Fabrizio Battistelli, ordinario di sociologia all'università La Sapienza di Roma, ha ricordato che settori come quello della moda sono stati "individuati come obiettivo, nel quale ambiti presenti nella zona grigia fra illegalità e legalità o esplicitamente criminali hanno fatto investimenti. La ricchezza prodotta con questa modalità è solo apparente. Il rapporto costi-benefici dimostra che tutto ciò non conviene a un'economia nel suo complesso, agli imprenditori onesti, al territorio. Occorre ricostruire una coscienza civile sui reati di natura commerciale. Il paradosso del falso è che crea poco allarme sociale".
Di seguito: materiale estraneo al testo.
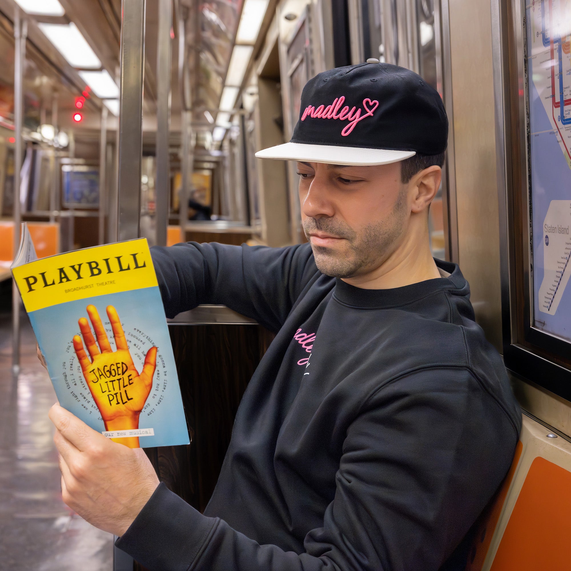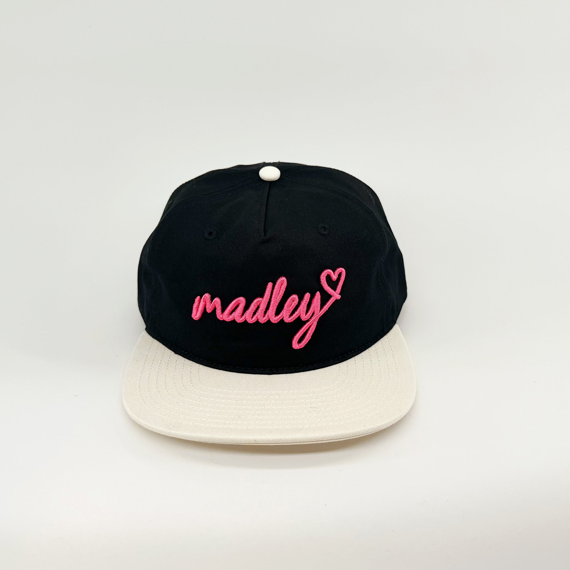 Raised puff embroidery elevates our madley classic hat (that you can also feel). Our custom madley jacquard tag side tag along with black and white color blocking completes the look for days when you’re serving face AND shade.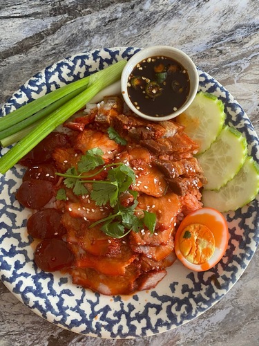 Red barbecued pork and crispy pork belly with rice, a hard-boiled egg and sweet Chinese sausage served with Thai sweet red barbecue sauce.

Nel corso del convegno, sono intervenuti Francesco Zavattolo, segretario generale Ficiesse, che ha citato le recenti inchieste della Dia sul fenomeno, Luciano Brancaccio, dell'Università Federico II di Napoli, Daniele De Martino, dirigente polizia postale e comunicazioni per la Campania, Luigi Giamundo, delegato per l'industria moda e fashion di Confindustria Campania, che ha denunciato la concorrenza sleale subìta dalle 11.000 imprese del settore presenti in Campania.
"L'affermazione di una cultura della legalità – ha affermato Giuseppe Massafra, segretario confederale Cgil, concludendo il convegno – è un passaggio cruciale per cercare di ricostruire una prospettiva della nostra società. La contraffazione viene considerata un atto di delinquenza senza vittima e spesso come una forma più leggera di reato. Un fenomeno che sta crescendo in maniera vertiginosa, non localizzabile, che ha dimensioni globali. Un pezzo di economia che non ha conosciuto crisi, anzi che è continuamente in crescita e che produce un danno notevole in termini di entrate erariali e posti di lavoro persi".